Instructions for the task ->
Word for word, write out the entries that follow, omitting all pictures.

Source material ->
=== Begin Enclosure ===

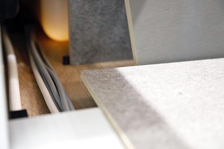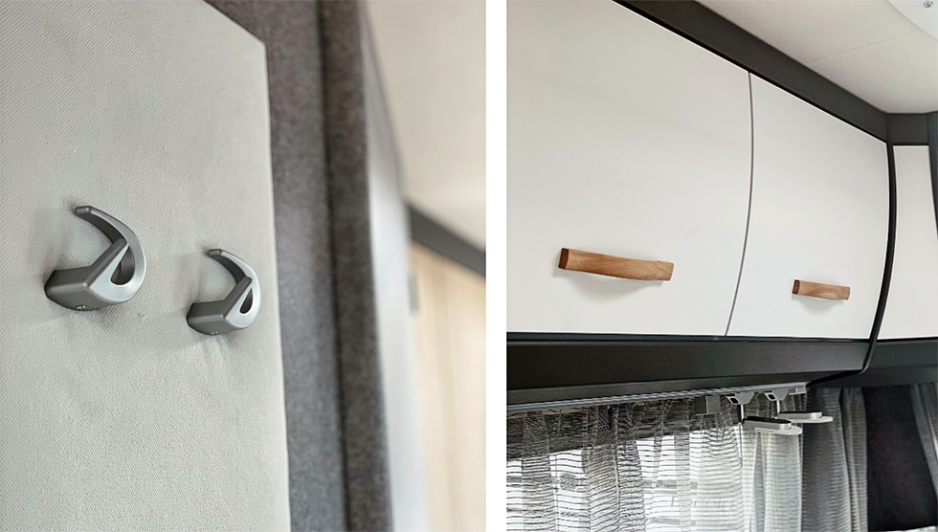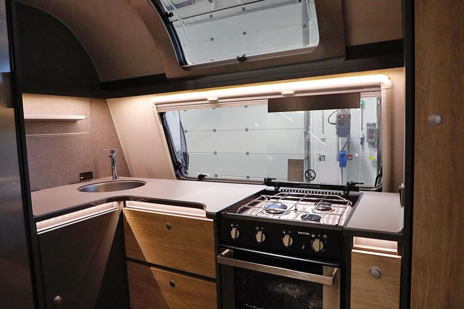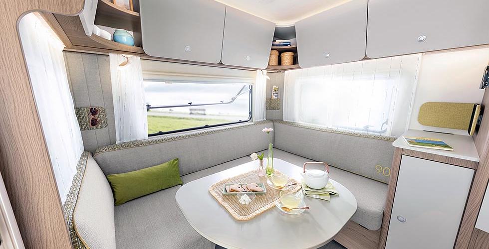 Dekorløsningen kalles Amberes Oak og består blant annet av ekte trehåndtak i en matt lakkert finish. Kontrasten til de matt hvite overskapene er visuelt elegant. Spesielt siden det er brukt en relativt mørk grå farge på vegger, skapstammer og møbler. Denne relativt mørke fargenyansen bidrar til å dempe helhetsinntrykket, og det er kun frontveggen og taket som er helt lyse. De nederste skuffene på kjøkkenet er i samme mørke gråfarger, mens de øverste er i lyst treverk. Det kan være store forskjeller på lysinstallasjoner i en campingvogn. Denne modellen plasserer seg i øverste klasse, med mange indirekte lyskilder, supplert med spotter på skinne og direkte lys.
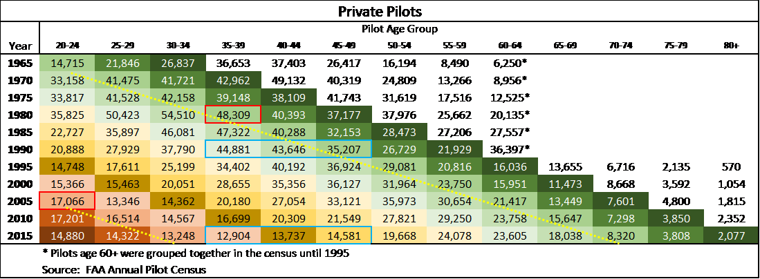 Using the data, it is possible to follow a particular group as it grows and shrinks through time. For instance, 20-24-year-olds in 1965 made up 14,715 pilots, grew to a maximum of 48,309 by age 35-39, then eventually shrank to 8,320 in 2015. Several groups saw this same type of growth with their numbers peaking in the 30-34 and 35-39 age brackets. The younger groups have not seen similar growth recently.
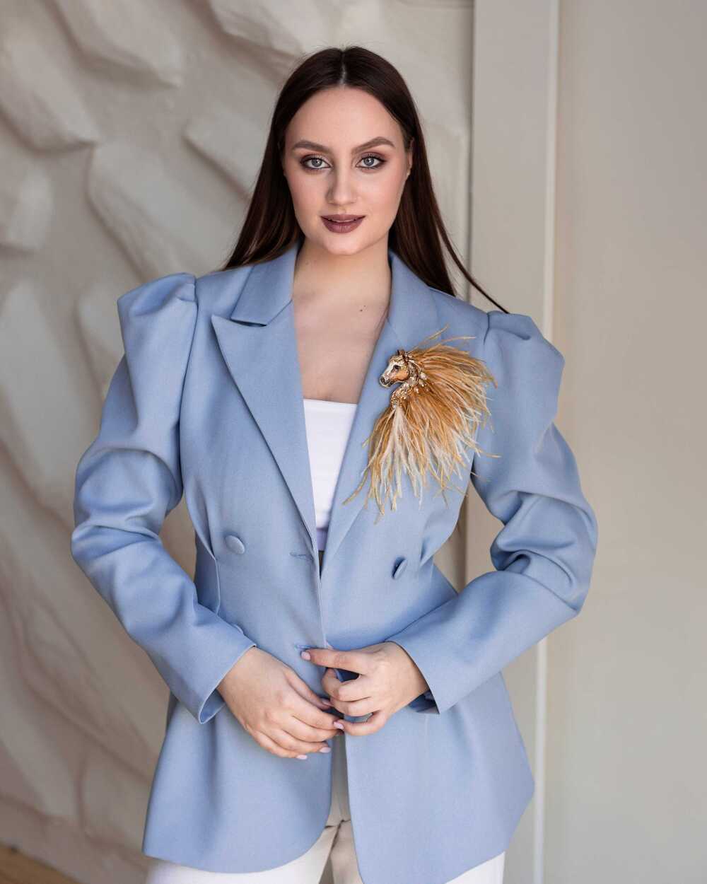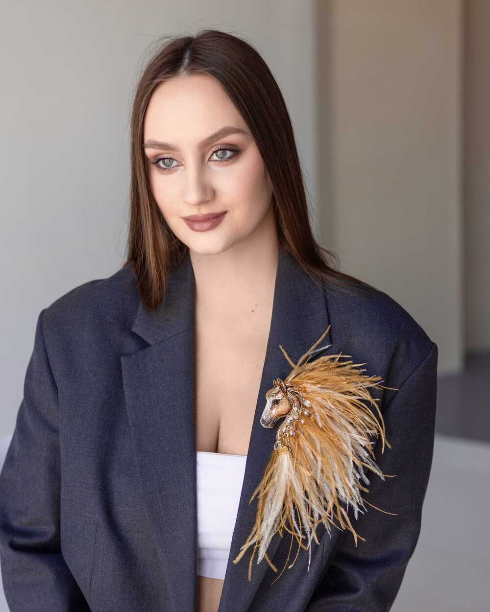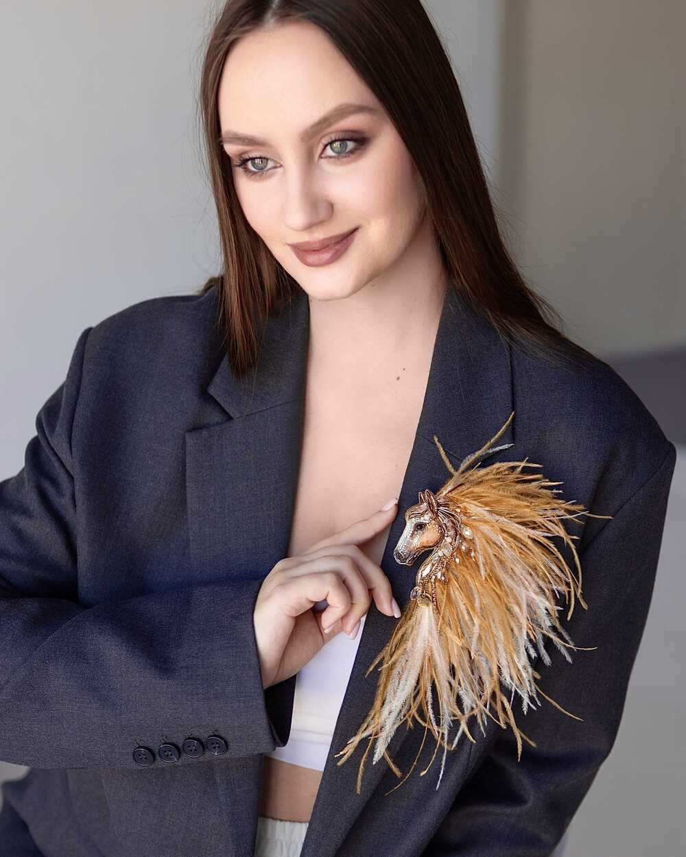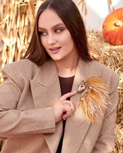 Истинная магия броши «Лошадки Искры» раскрывается в ее роскошной гриве, которую мы создали из карамельных и золотых перьев. Они добавляют броши глубину цвета и легкую динамику, создавая ощущение движения, словно сам ветер зарылся в ее гриве и вместе с ней спешит навстречу свободе.
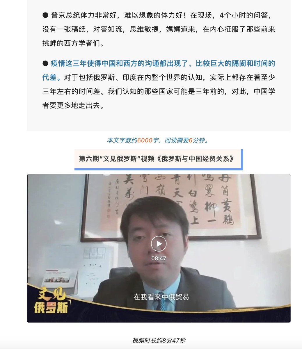 "At the beginning of 2023, Tencent Finance launched "Wen See Russia", a series of seven video interviews with Wang Wen, which was broadcast on the Tencent News app and received a great response, causing millions of netizens to admire it."
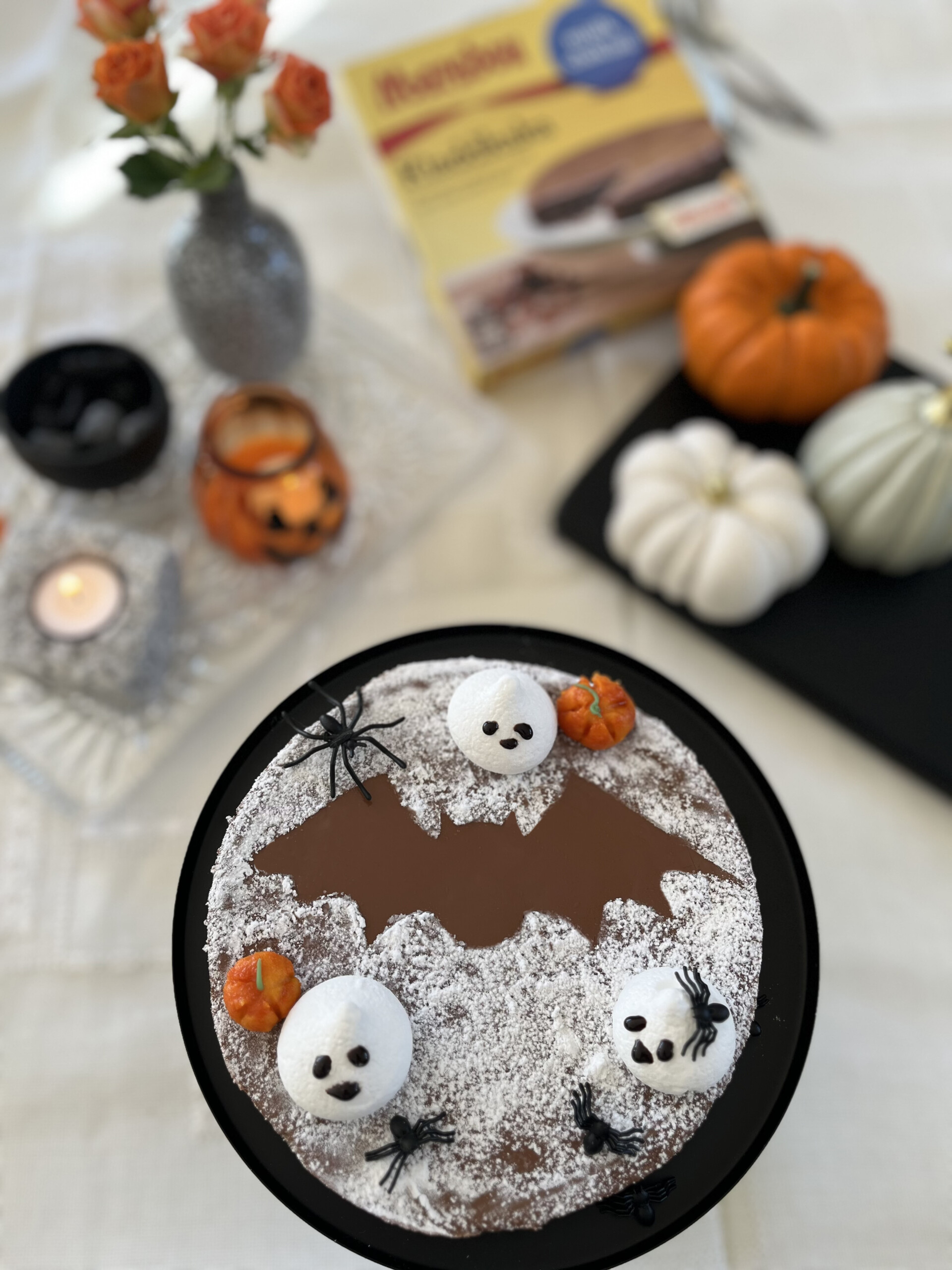 Steg 4: Lägg till sista touchen – Vill du ha en extra spökig känsla? Dekorera med små spindlar, som du plockar bort när det blir dags att äta. Det blir pricken över i:t på din Halloweenkreation. Klart! Nu har du en alldeles egen fladdermuskladdkaka – gullig, god och lagom kuslig! Perfekt till Halloweenfesten eller en mysig fikastund i höstmörkret.

=== End Enclosure ===

Response for this exercise ->
 Dekorløsningen kalles Amberes Oak og består blant annet av ekte trehåndtak i en matt lakkert finish. Kontrasten til de matt hvite overskapene er visuelt elegant. Spesielt siden det er brukt en relativt mørk grå farge på vegger, skapstammer og møbler. Denne relativt mørke fargenyansen bidrar til å dempe helhetsinntrykket, og det er kun frontveggen og taket som er helt lyse. De nederste skuffene på kjøkkenet er i samme mørke gråfarger, mens de øverste er i lyst treverk. Det kan være store forskjeller på lysinstallasjoner i en campingvogn. Denne modellen plasserer seg i øverste klasse, med mange indirekte lyskilder, supplert med spotter på skinne og direkte lys.
 Using the data, it is possible to follow a particular group as it grows and shrinks through time. For instance, 20-24-year-olds in 1965 made up 14,715 pilots, grew to a maximum of 48,309 by age 35-39, then eventually shrank to 8,320 in 2015. Several groups saw this same type of growth with their numbers peaking in the 30-34 and 35-39 age brackets. The younger groups have not seen similar growth recently.
 Истинная магия броши «Лошадки Искры» раскрывается в ее роскошной гриве, которую мы создали из карамельных и золотых перьев. Они добавляют броши глубину цвета и легкую динамику, создавая ощущение движения, словно сам ветер зарылся в ее гриве и вместе с ней спешит навстречу свободе.
 "At the beginning of 2023, Tencent Finance launched "Wen See Russia", a series of seven video interviews with Wang Wen, which was broadcast on the Tencent News app and received a great response, causing millions of netizens to admire it."
 Steg 4: Lägg till sista touchen – Vill du ha en extra spökig känsla? Dekorera med små spindlar, som du plockar bort när det blir dags att äta. Det blir pricken över i:t på din Halloweenkreation. Klart! Nu har du en alldeles egen fladdermuskladdkaka – gullig, god och lagom kuslig! Perfekt till Halloweenfesten eller en mysig fikastund i höstmörkret.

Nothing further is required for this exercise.